Mr Nicholas Glover  - Consultant Cataract Surgeon
Macular Hole

A macular hole is a small hole in the macula which is in the centre of the retina. The macula is the part of the retina which is responsible for our sharp, detailed, central vision. This is the vision we use when we are looking directly at things, when reading, sewing or using a computer.

Macular holes usually only affect one eye, though there is a 10 per cent, one in ten, chance that the other eye will eventually be affected.

A macular hole is very different from macular degeneration. 

No one knows exactly why a macular hole develops in some people and not in others. As we get older the vitreous, the jelly in our eyeball becomes less firm and moves away from the back of the eye. When this happens the space left behind fills with aqueous fluid, a water-like substance produced by the eye. Usually the vitreous changing causes no problems to vision, but in some people the vitreous jelly is firmly attached to the retina over the macular area. As the vitreous shrinks it can pull on the macula. This can cause a small tear to develop and this is the start of a macular hole.

People with a macular hole will have changes in the central part of their vision. These changes can range from straight lines looking wavy in the early stages to a small blank patch in the centre of vision in the late stages. People may first notice that they have trouble reading small print or that there is distortion when they look at a printed page.

There are a number of different stages to a macular hole. This is important to know because in the early stages it is possible for macular holes to heal themselves. This means that sometimes an ophthalmologist will want to monitor the progression of a macular hole before recommending any treatment.  However in most cases as a macular hole develops it will distort vision. In the final stages of a macular hole most central vision will be lost. 

Macular hole surgery attempts to stop the macular hole developing to this stage.

An operation can be performed to help limit the sight problems a macular hole causes. The macula needs to lie flat on the back of the eye to receive, through blood vessels, all the nourishment it needs to work properly. If this is successful then often sight can be improved.

There are two main stages to the treatment:

    • Surgery to remove the vitreous and insert gas into the eye

    • A recovery period when a gas smoothes the retina back flat onto the eye.

Surgery for macular hole

The operation can be performed under local anaesthetic. Using micro surgical instruments the surgeon removes the vitreous jelly in your eye. This leaves a space inside the eye into which  gas bubble is inserted. The gas helps the macular hole heal. This gas is lighter than air so it floats upwards and acts like a bandage pressing the macula hole flat onto the back of the eye, repairing the hole. 

To make sure that the gas is putting pressure on the correct part of the retina, it is usually necessary for the patient to have their head positioned face downwards.
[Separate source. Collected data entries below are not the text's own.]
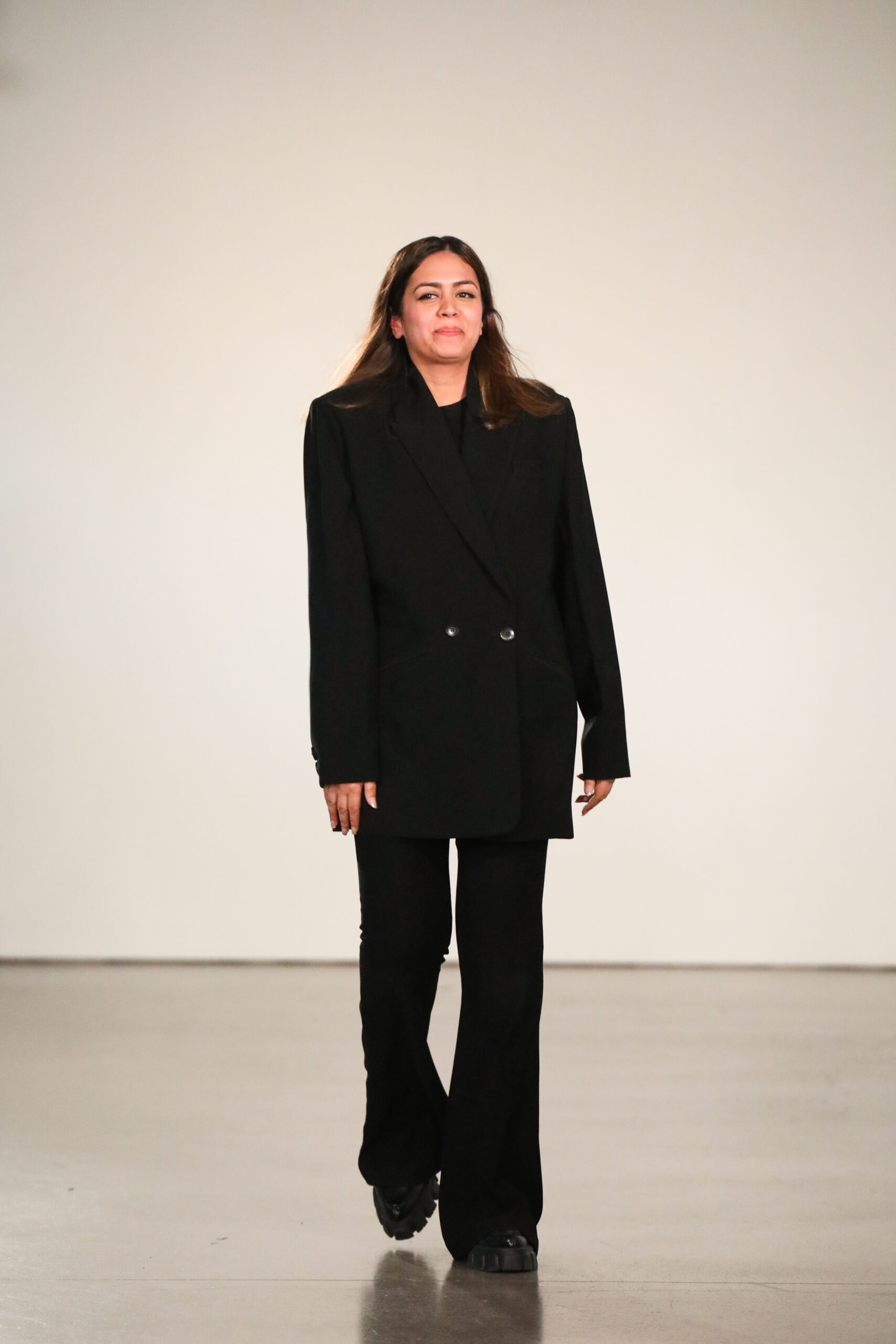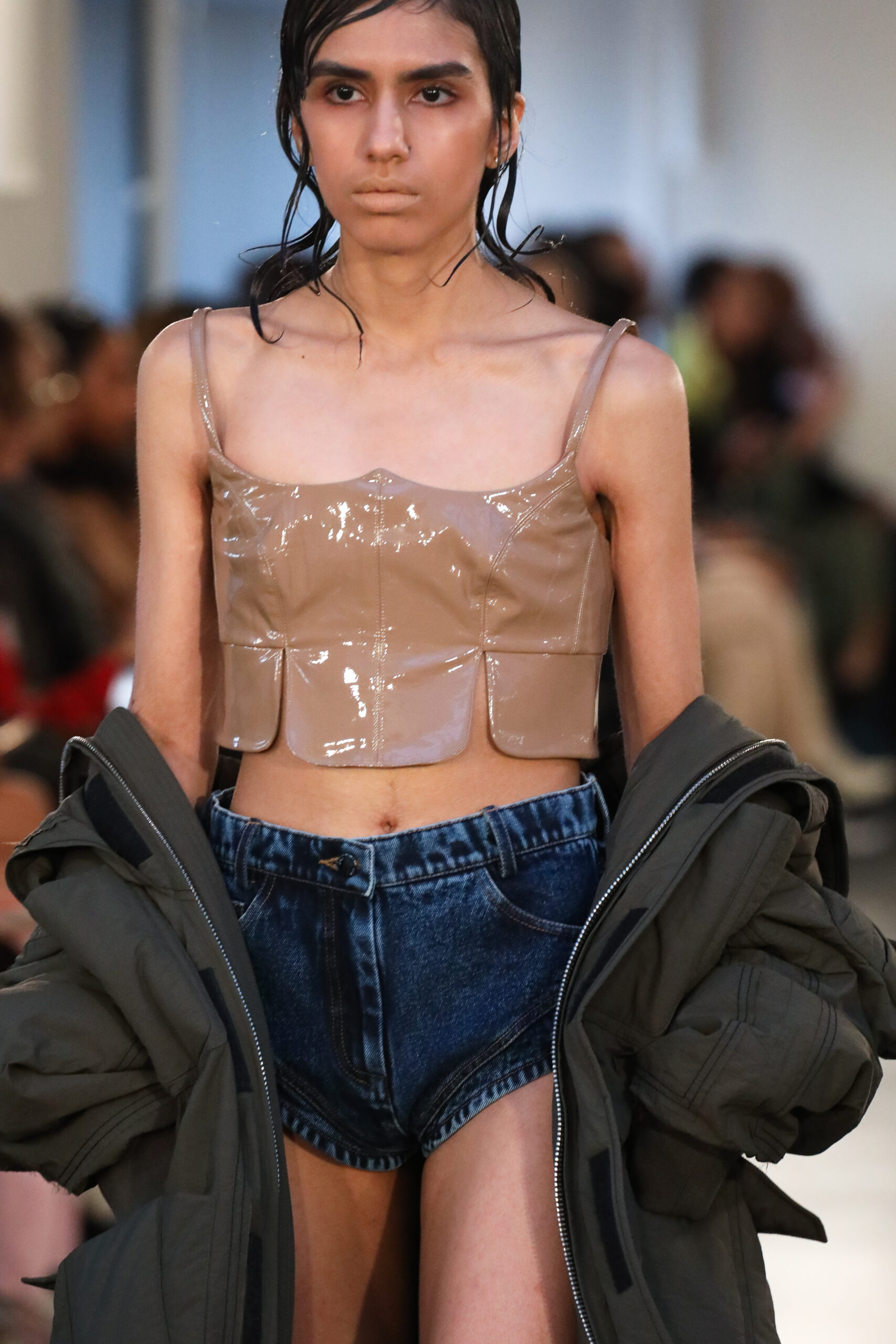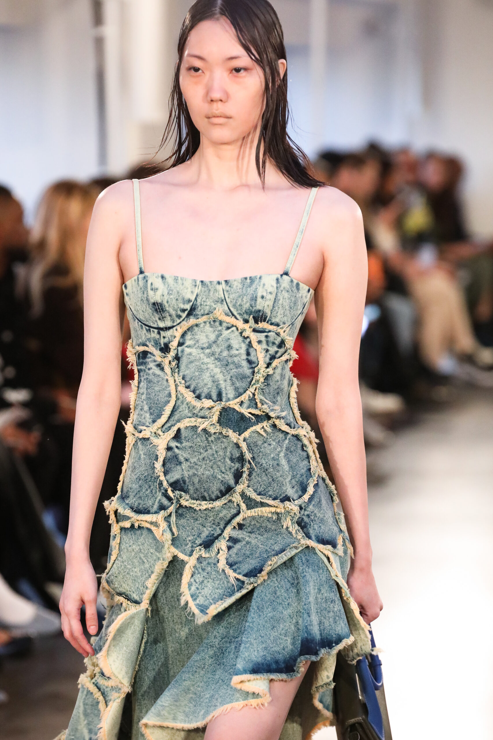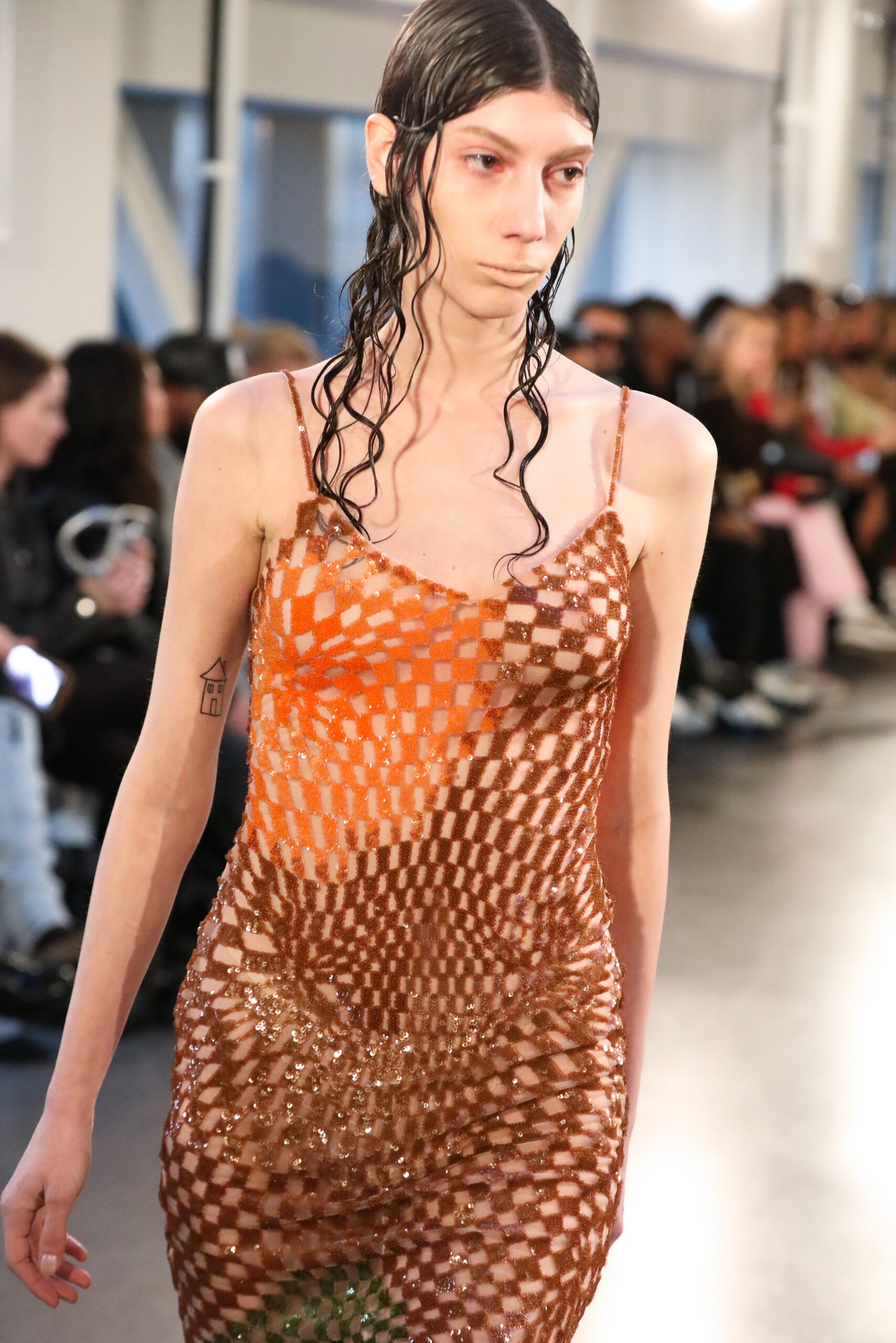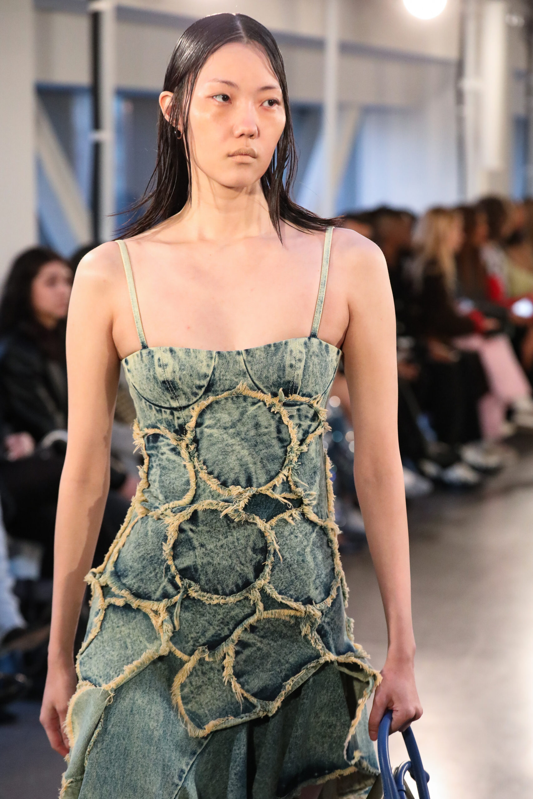 L’esprit est une entité prolifique, une prairie regorgeant de bizarreries. Certaines sont des biomorphes, qui confèrent à des phénomènes visuels banals des formes idiosyncrasiques, tandis que d’autres défient toute logique et toute limite pour libérer une cacophonie désinhibée d’images violemment euphoriques et appellent un besoin primordial de voir audelà du domaine des possibilités. KGL explore la complexité des pensées et des sentiments dans sa collection FW ’23 Agrestal Mind, tout en gardant intacte l’essence du paradoxe qui traverse l’éthique du design de la marque. Les lignes et les limites oscillent entre courbes douces et bords déchiquetés, tandis que les surfaces sont surchargées d’une riche pléthore de textures, à la fois tactiles et visuelles. Des tons neutres et tranquilles servent de base à la prolifération de bleus et de teintes viridiennes, tandis que des accents de roses et de jaunes éclatants les revigorent, ajoutant une nouvelle profondeur et de nouvelles perspectives. Une créature aux multiples facettes sert de mascotte pour la saison – concoctée comme une représentation de la curiosité innée et de la malléabilité de la psyché. Des versions tordues et alambiquées des grilles uniformes et des rayures apaisantes ornent les imprimés et les broderies, imitant la nature dans sa forme la plus sauvage et incontrôlée. Les proportions sont jouées de manière arbitraire et les éléments se bloquent les uns les autres pour être abrupts et fragmentés. Au milieu des tissus, on peut trouver des textures brillantes, des points décoratifs et des bordures de cuir renforcées. Grâce à un mélange d’éléments psychédéliques simples et de fleurs extravagantes de motifs brodés, de pièces décontractées et classiquement taillées, la dichotomie d’une imagination active est mise en avant. Une fête pour une personne qui se transforme en ruine, une créature émanant d’une boule à facettes qui scintille dans l’esprit, des fleurs qui agissent comme des portails de transformation : tout est aussi réel que possible dans le royaume infini de l’esprit.
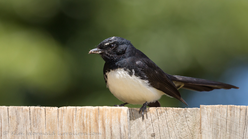Some people particularly like backgrounds with circles of light as shown above, though the circles can be far more defined that these. One of the wagtails came to the fence almost as if it was showing me the collection of bugs it had ready to feed the fledglings that were sitting in the tree. I didn’t take images of the fledglings as I didn’t want to disturb them. Willie Wagtails generally raise three nestlings per clutch and can raise up to four clutches in a good season. I wonder if the ant on the fence has any idea how close it is to danger.
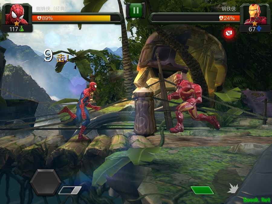 我个人接触格斗游戏很少,感觉格斗游戏最大的特点就是难、硬核、各种小技巧数不胜数,难入门。但是《漫威:超级争霸战》改变了我对格斗游戏的这些看法。在新手教程的时候我还以为这游戏要搞个8方向的轮盘出来,然后再来个拳击、腿击按钮……结果屏幕上干干净净的一个按钮都没有,才知道这游戏的所有操作都只要一次点击或者滑动就行了。这也放松了我对这款游戏的“戒心”,后来发现在战斗的时候只要战力差不多,哪怕你无脑莽过去都是没有问题的。
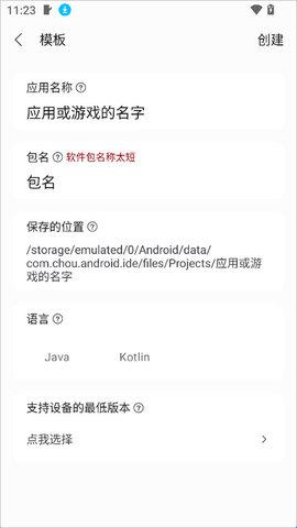 选择开发语言:支持Java、Kotlin等语言。

The gas puts a small amount of pressure on the macular hole which encourages the hole to close and repair itself. 

The correct posture is important because it makes sure that the pressure is applied in the right place. This part of the process is often just called "posturing"

This is required for 5 days following surgery but only during the daytime. At night you may sleep normally.

Posturing is very important. Managing it well can help the results of the operation on vision. If the gas does not put pressure on the correct part of the retina, the macular hole could continue to develop

During this time the gas bubble is slowly getting smaller so that eventually it is no longer in the eye. As this happens the space that was taken up by the gas is filled with aqueous fluid - the natural fluid made by the eye.

In most people there is improvement in vision following the surgery and recovery may continue for up to 12 months. However in others the operation's main effect is to stop the sight becoming any worse.

Staying face down for a long time can be difficult. It may be made more difficult if someone has other problems such as arthritis. It is important to discuss any other medical problems that may affect your ability to posture with your ophthalmologist.